Dataset entries:
- - - -
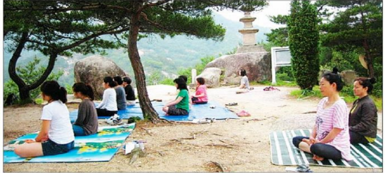
충북 영동군 양산면의 천년고찰 영국사 은행나무(왼쪽)를 주제로 한 이색적인 '생명 스테이' 행사가 올 11월까지 열린다.
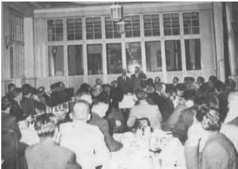
4. fotografija Lausanne, Švajcarska

Dr. Guggenbuhl je rekao: "Fotograf je koristio nemački fotoaparat koji je među najboljima na svetu. Uslikao je desetak slika u sali za svečanosti pre ovih, i uslikao je desetine slika nakon ovih, a sve su ispale normalno, tako da ne može biti da nešto nije u redu s fotoaparatom."
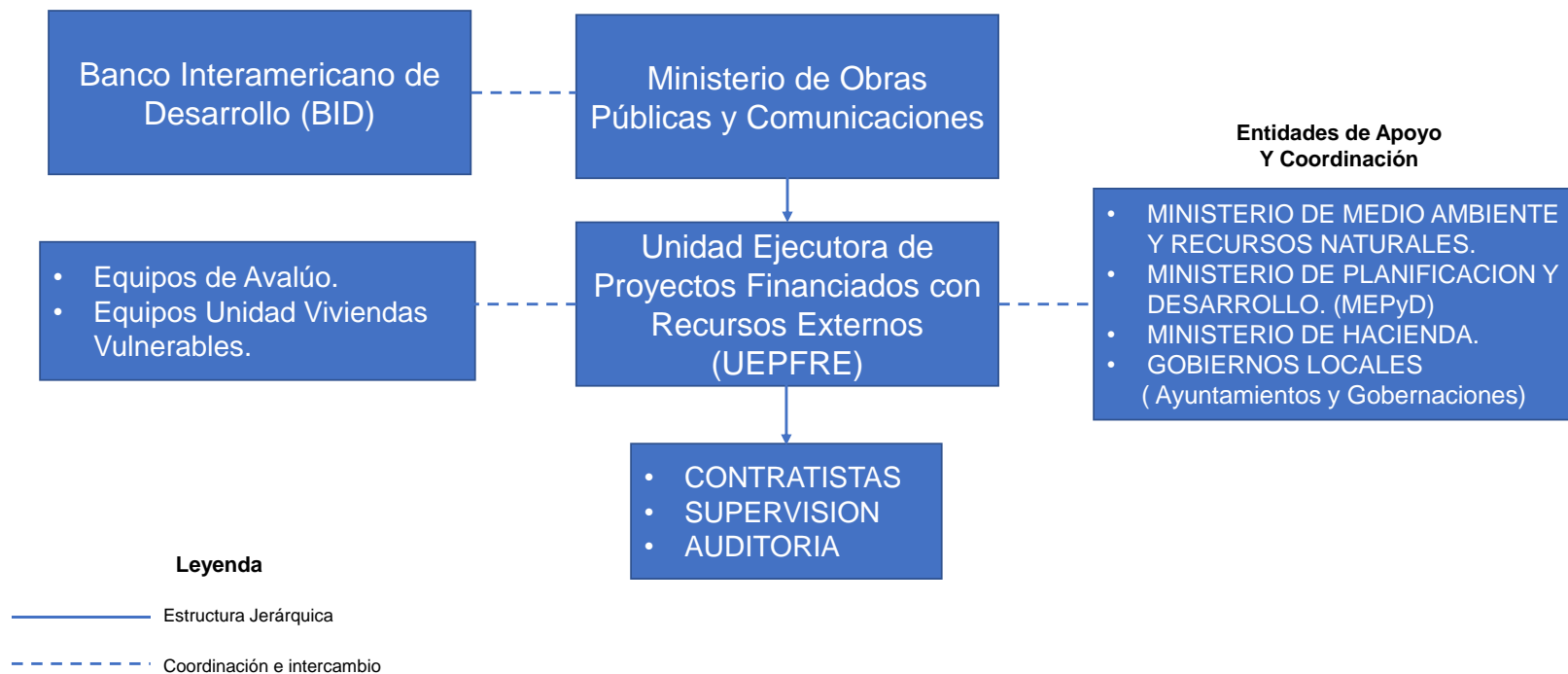
Figura 3.1.a Esquema General de Ejecución del Programa DR-L1151
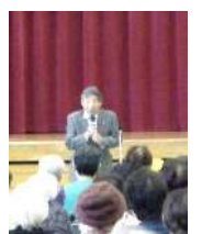
社会福祉協議会 西願会長
- - - -
Your task is to set down the records shown above exactly, minus any pictures.

충북 영동군 양산면의 천년고찰 영국사 은행나무(왼쪽)를 주제로 한 이색적인 '생명 스테이' 행사가 올 11월까지 열린다.
4. fotografija Lausanne, Švajcarska

Dr. Guggenbuhl je rekao: "Fotograf je koristio nemački fotoaparat koji je među najboljima na svetu. Uslikao je desetak slika u sali za svečanosti pre ovih, i uslikao je desetine slika nakon ovih, a sve su ispale normalno, tako da ne može biti da nešto nije u redu s fotoaparatom."
Figura 3.1.a Esquema General de Ejecución del Programa DR-L1151
社会福祉協議会 西願会長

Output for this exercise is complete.